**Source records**
§ §

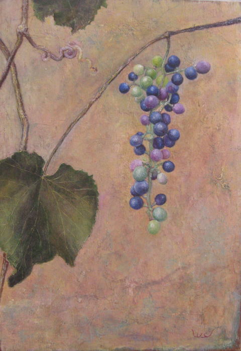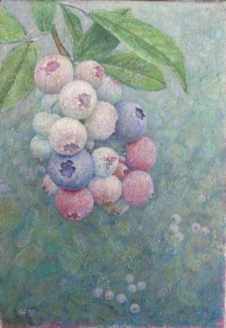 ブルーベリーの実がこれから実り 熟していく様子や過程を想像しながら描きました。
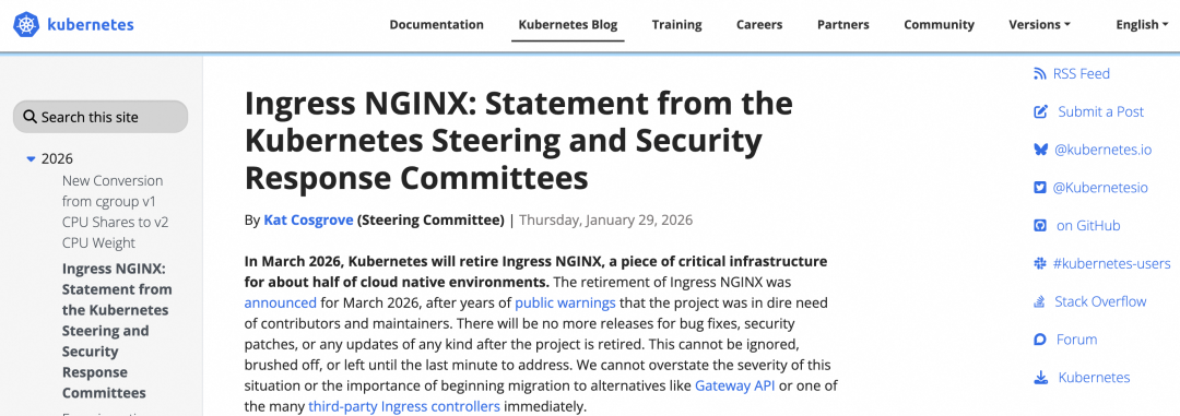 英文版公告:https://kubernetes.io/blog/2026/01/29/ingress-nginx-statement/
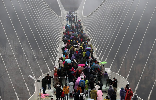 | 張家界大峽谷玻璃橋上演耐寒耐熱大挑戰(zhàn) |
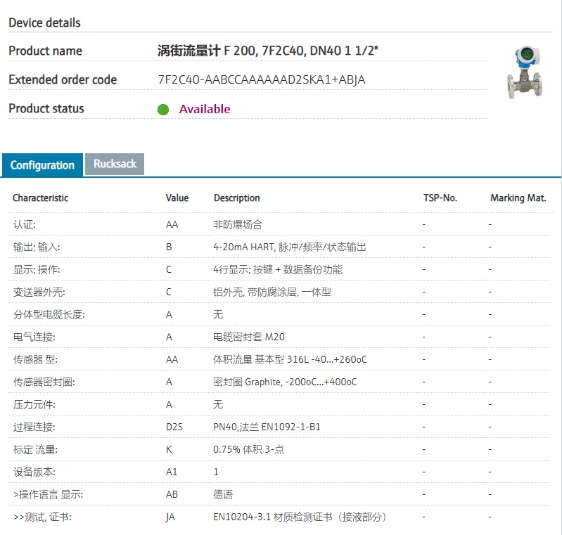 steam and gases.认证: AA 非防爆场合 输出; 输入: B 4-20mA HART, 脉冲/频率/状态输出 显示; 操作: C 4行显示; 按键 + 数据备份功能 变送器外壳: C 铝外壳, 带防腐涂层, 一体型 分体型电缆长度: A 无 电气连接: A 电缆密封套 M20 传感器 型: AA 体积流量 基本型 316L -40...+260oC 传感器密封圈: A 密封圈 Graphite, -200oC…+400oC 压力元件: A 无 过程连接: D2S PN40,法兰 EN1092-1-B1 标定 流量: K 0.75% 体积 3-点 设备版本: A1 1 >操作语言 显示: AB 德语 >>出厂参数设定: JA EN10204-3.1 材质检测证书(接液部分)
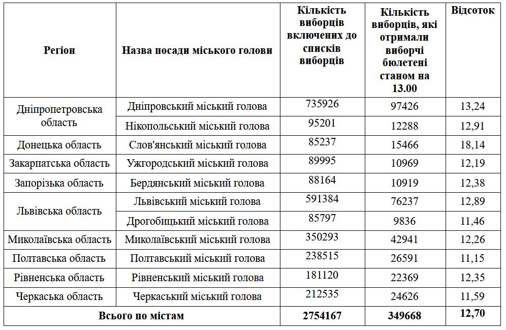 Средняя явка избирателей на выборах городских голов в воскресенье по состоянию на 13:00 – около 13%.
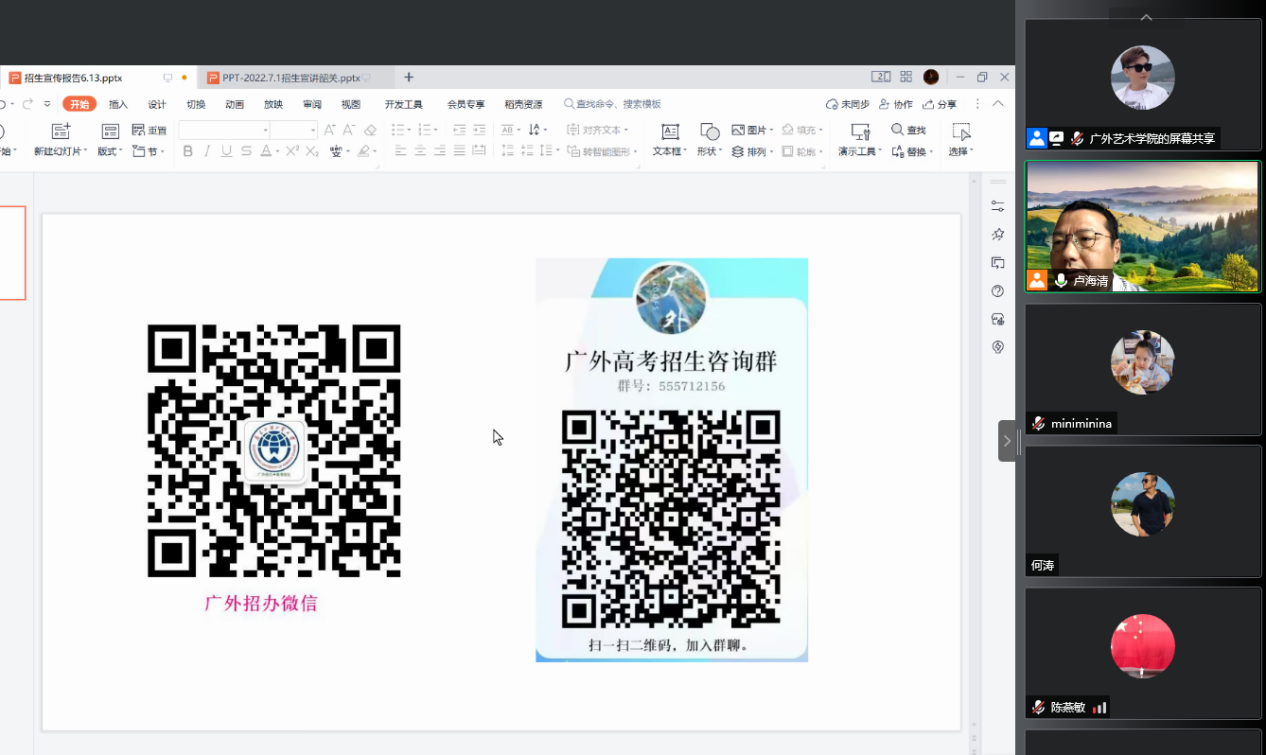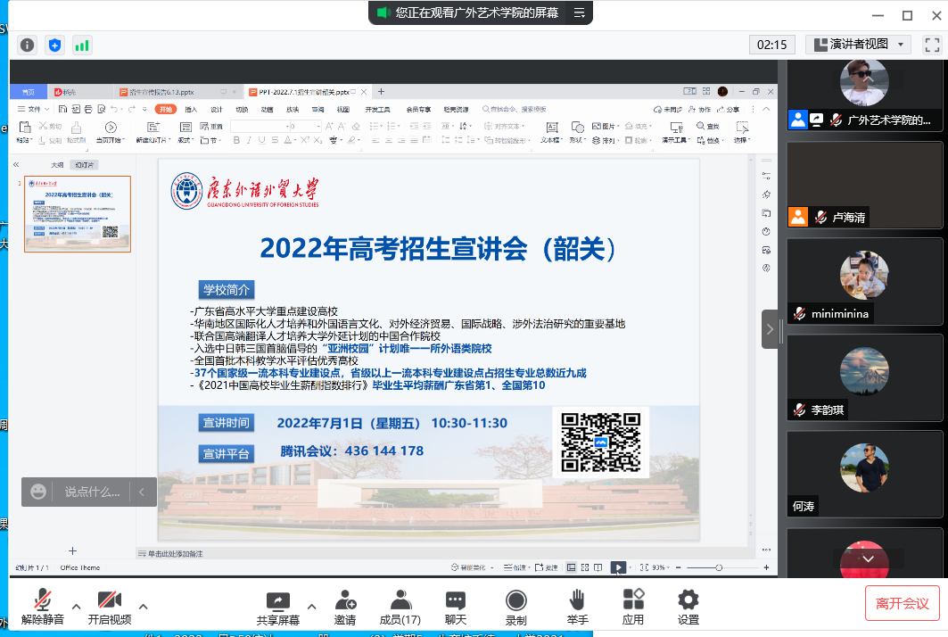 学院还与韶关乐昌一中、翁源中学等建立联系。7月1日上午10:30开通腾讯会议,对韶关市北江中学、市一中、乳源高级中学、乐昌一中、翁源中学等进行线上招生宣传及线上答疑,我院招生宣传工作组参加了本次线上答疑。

§ §

**Task to complete**
Only the lines from the one with "Средняя явка избирателей" through the final line of the entries above should be transcribed, exactly and without pictures.

**Written answer**
 Средняя явка избирателей на выборах городских голов в воскресенье по состоянию на 13:00 – около 13%.
 学院还与韶关乐昌一中、翁源中学等建立联系。7月1日上午10:30开通腾讯会议,对韶关市北江中学、市一中、乳源高级中学、乐昌一中、翁源中学等进行线上招生宣传及线上答疑,我院招生宣传工作组参加了本次线上答疑。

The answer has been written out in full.